- Born: October 14, 1971 (age 54) Huntington Beach, California, U.S.
- Height: 5 ft 9 in (1.75 m)
- Weight: 176 lb (80 kg; 12 st 8 lb)
- Division: Lightweight Welterweight
- Team: Team Quest
- Rank: Olympian Greco-Roman wrestling
- Years active: 2002 - 2006 (MMA)

Mixed martial arts record
- Total: 11
- Wins: 5
- By knockout: 3
- By submission: 1
- By decision: 1
- Losses: 4
- By knockout: 1
- By submission: 1
- By decision: 2
- Draws: 2

Other information
- Mixed martial arts record from Sherdog

= Heath Sims =

American Olympic wrestler and mixed martial artist

Heath Sims (born October 14, 1971) is an American mixed martial artist, Olympic wrestler and MMA trainer.

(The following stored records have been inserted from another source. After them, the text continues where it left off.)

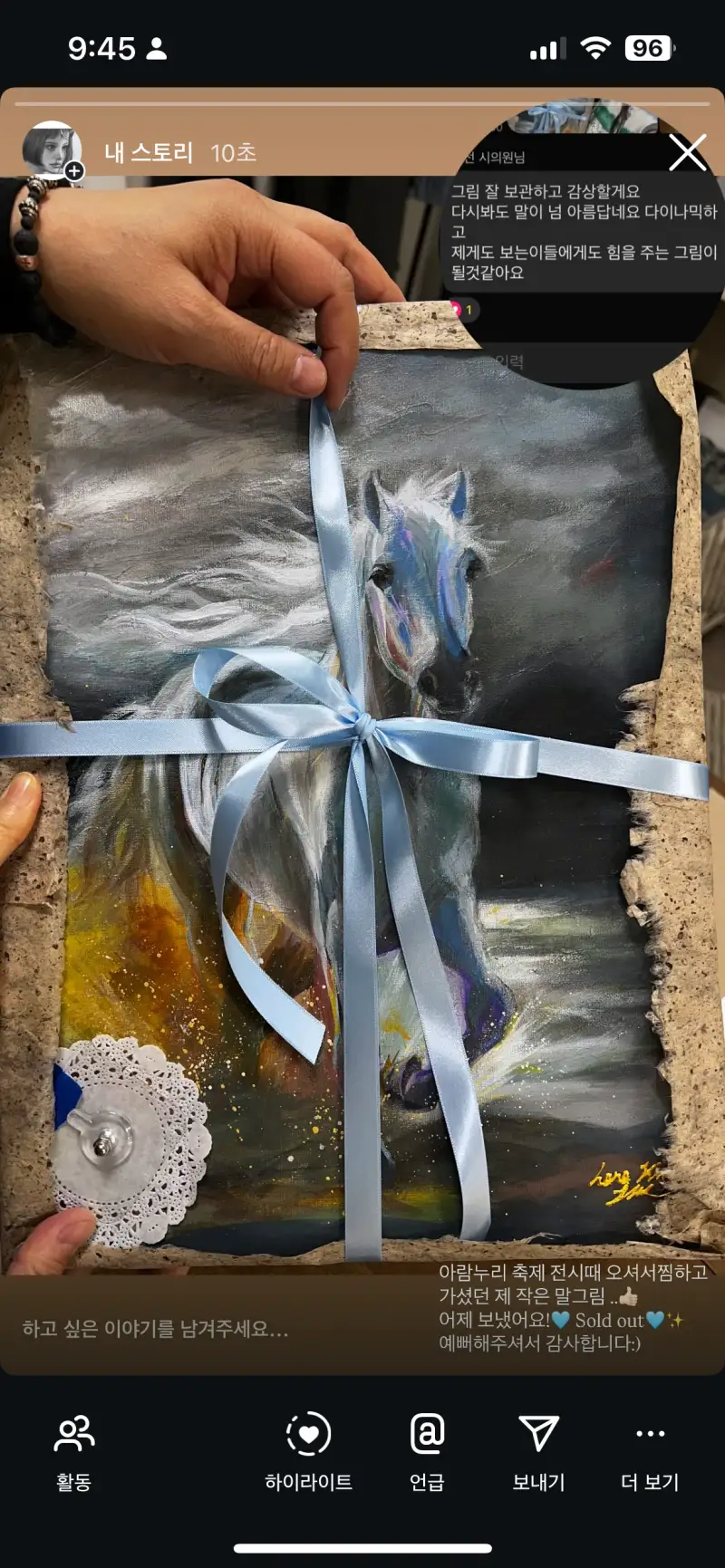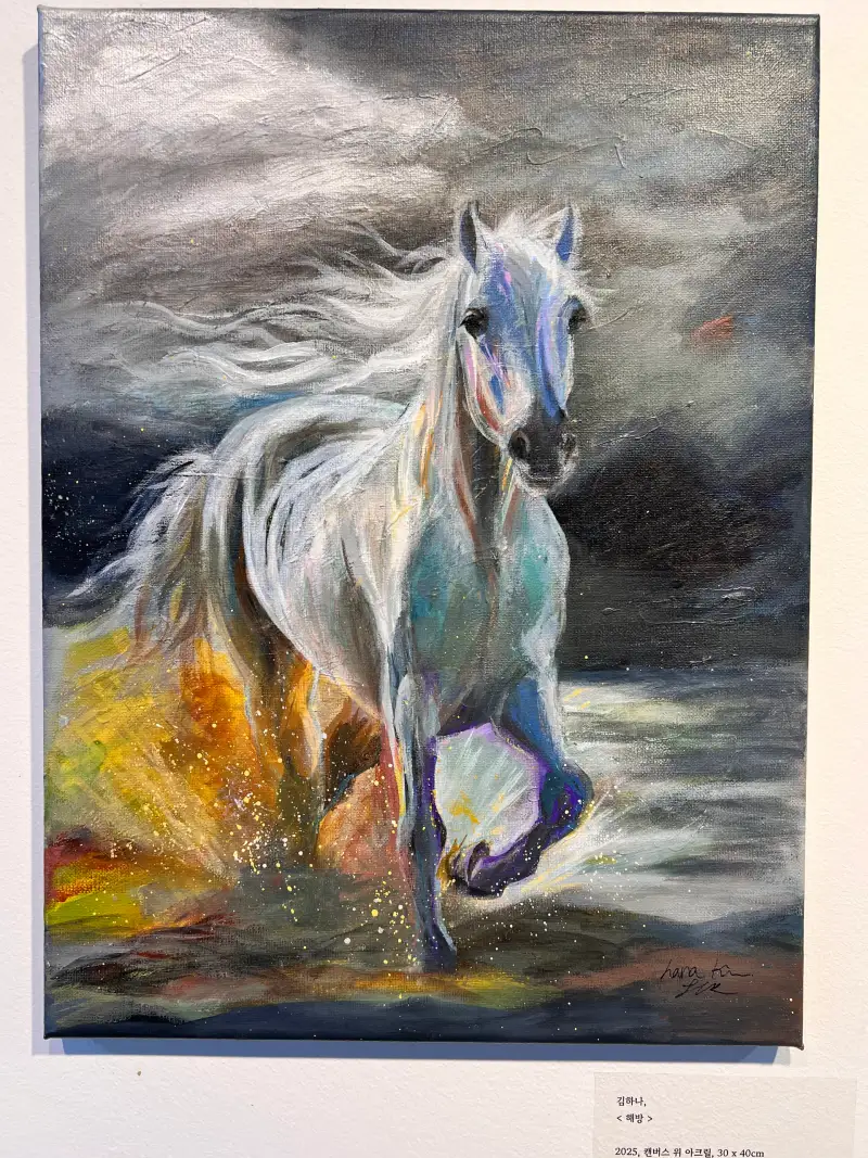 30호 유화로 그린 백마를 같이 내느라.. 작은 말그림은 안보일까봐 마지막까지 고민하다가 걸었었는데,, 제 그림을 아주 맘에 들어하시는 분께 보내니 너무 뿌듯하더라구요!
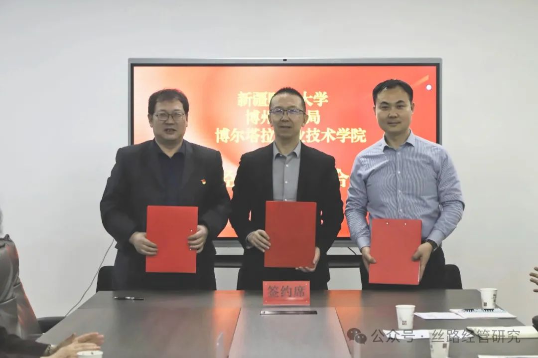 7日上午,球王会体育官方网站统计与数据科学学院院长、丝路经济与管理研究院执行院长何剑一行前往博尔塔拉职业技术学院就服务地方经济发展科研合作进行座谈交流,并签署丝路经济与管理研究院与博尔塔拉蒙古自治州商务局、博尔塔拉职业技术学院商学院达成的合作协议,会议由博尔塔拉职业技术学院党委委员、副校长唐晓春主持,博州商务局副局长魏锋出席签约仪式。三方确立在博尔塔拉职业技术学院设立博尔塔拉蒙古自治州经济高质量发展研究基地,将在人才培养、智库合作、学术交流等方面深入开展协作,通过共建新型特色智库平台,为博州经济高质量发展提供智力支持,为自治区党委提供决策依据。
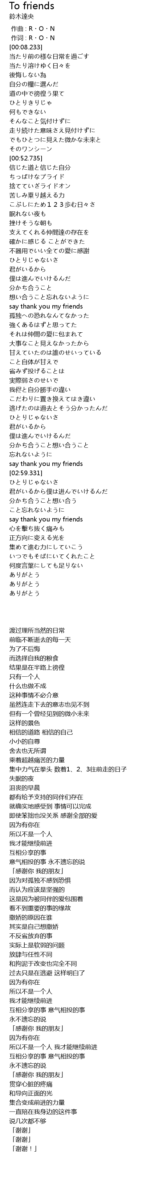| [03:43.234] | 君がいるから僕は进んでいけるんだ |
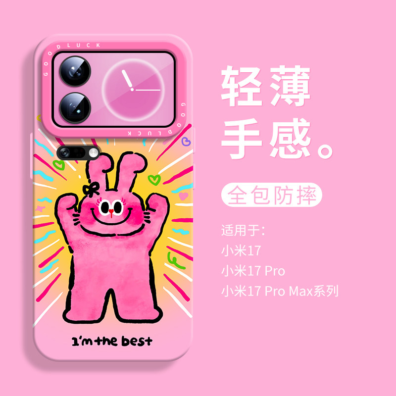 创意自信兔兔适用小米17promax手机壳小米17pro液态软壳小米17硅胶保护套XIAOMI男女17promax带挂绳可爱
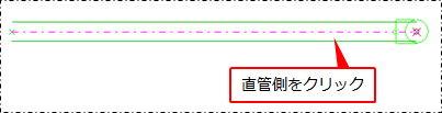 直管にマウスを近づけて[接続点]と表示されるポイントでクリックします。
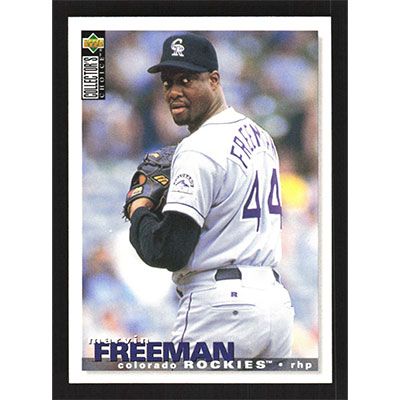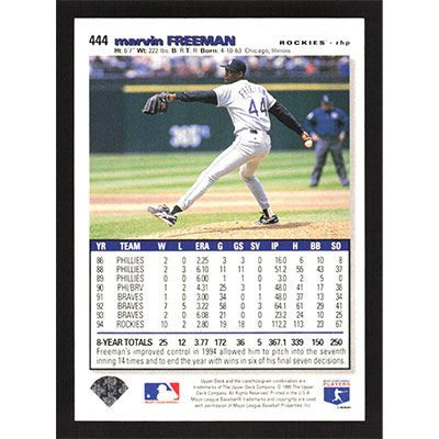 This is a 1995 Collector's Choice Marvin Freeman baseball card. The card is #444 and pictures show condition.

He is a long time training partner of Dan Henderson and a highly respected MMA coach who was the wrestling instructor for the US team on The Ultimate Fighter: United States vs. United Kingdom.

In 2011, he sold his share in Team Quest and moved to Singapore to become the head of the wrestling program at Evolve MMA.

==Wrestling==
Sim's Father was a freestyle wrestler who competed in the 1972 Olympic trials. As a ninth grader Sims began training with the San Clemente Jets, which became the California Jets an amateur wrestling club where kids from all over California came to learn freestyle and Greco-Roman techniques. He won state championships in 1988 and 1989 but instead of going to college and continuing a freestyle career, Sims decided to keep wrestling in the Greco style. He became a junior national team member in 1989 and a world team member in 1990.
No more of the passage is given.